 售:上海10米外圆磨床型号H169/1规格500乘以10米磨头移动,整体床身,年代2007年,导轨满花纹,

==

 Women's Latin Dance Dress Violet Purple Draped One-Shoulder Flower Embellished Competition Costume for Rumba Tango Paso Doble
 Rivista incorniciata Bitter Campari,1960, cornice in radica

- **WHAT IS BEING ASKED**
In the listing above, locate the line containing "Women's Latin Dance" and the line containing "Rivista incorniciata Bitter". Transcribe those two lines and everything between them, exactly as written.

- **YOUR SOLUTION**
 Women's Latin Dance Dress Violet Purple Draped One-Shoulder Flower Embellished Competition Costume for Rumba Tango Paso Doble
 Rivista incorniciata Bitter Campari,1960, cornice in radica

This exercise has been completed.